If passed into law, the Conservatives' Bill S-10 would result in
imprisonment of thousands of Canadians for victimless crimes, sending
people to jail for growing six marijuana plants, making hashish (or
baked goods containing cannabis), plus a host of even harsher
mandatory sentences for other cannabis-related offences, at a cost of
millions of dollars.

According to a 2007 Department of Justice report, marijuana arrests
accounted for 47.4 per cent of U.S. drug abuse arrests, which
calculates to about 872,720 persons arrested for marijuana offenses,
89 per cent of which were for simple possession. Arrests for marijuana
offenses can have dire consequences for young people. For example, in
the U.S., a drug conviction permanently disqualifies students from
receiving Federal Student Loans. Do we really want to import that sort
of perverse and destructive idiocy to Canada?

For some perspective, maximum sentences for rape in Canada are 10
years for non-violent offenses and 14 years for violent rape. The
average sentence for rape in Canada is reportedly 3.85 years. The
current maximum sentence in Canada for marijuana possession is five
years for over one ounce; six months for less than one ounce, with the
maximum for cultivation seven years. Bill S-10 would double the latter
to 14 years (the same maximum sentence as for violent rape).

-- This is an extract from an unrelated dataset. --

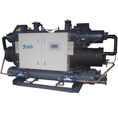 再流入蒸發(fā)器進(jìn)行蒸發(fā),而蒸發(fā)時要吸收熱量,從而就對蒸發(fā)器里的硫酸(槽液)進(jìn)行了降溫,降溫后的硫酸通過水泵輸送到電鍍(氧化)槽,就這樣一個循環(huán)過程。水冷式間接冷凍在電鍍(氧化)行業(yè)的制冷原理:冷卻塔底盆里的水通過水泵輸送到冷水機(jī)的冷凝器,對冷凝器進(jìn)行降溫。

Does the Harper government really, seriously believe that growing
marijuana, in whatever volume, is as harmful to society as violent
rape? Does that make any rational sense?

Not even close, IMHO.

So what about the negative consequences of marijuana?

I'm not a marijuana user, but I'm increasingly convinced that there
actually are essentially no negative consequences of marijuana use for
society other than the manifold distempers imposed by prohibition itself.

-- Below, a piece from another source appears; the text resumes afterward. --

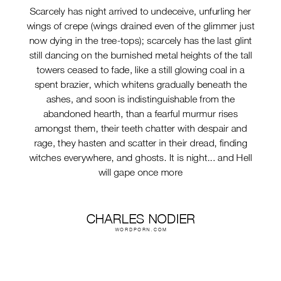 Scarcely has night arrived to undeceive, unfurling her wings of crepe (wings drained even of the glimmer just now dying in the tree-tops); scarcely has the last glint still dancing on the burnished metal heights of the tall towers ceased to fade, like a still glowing coal in a spent brazier, which whitens gradually beneath the ashes, and soon is indistinguishable from the abandoned hearth, than a fearful murmur rises amongst them, their teeth chatter with despair and rage, they hasten and scatter in their dread, finding witches everywhere, and ghosts. It is night... and Hell will gape once more

Marijuana possession, cultivation and distribution are victimless, and
by any rational measure not real crimes at all. Any violence and/or
organized crime associations with marijuana derive directly from
prohibition, are no way initiated by the plant, and could be
substantially reduced by decriminalization and virtually eliminated by
legalization.

Happily, although the new Tory Senate majority may result in passage
of Bill S-10, Mr. Ignatieff is withdrawing his party's support of the
bill's Parliamentary version (C-15), which would torpedo its enactment
into law anytime soon.

Charles W. Moore is a Nova Scotia based freelance writer and editor.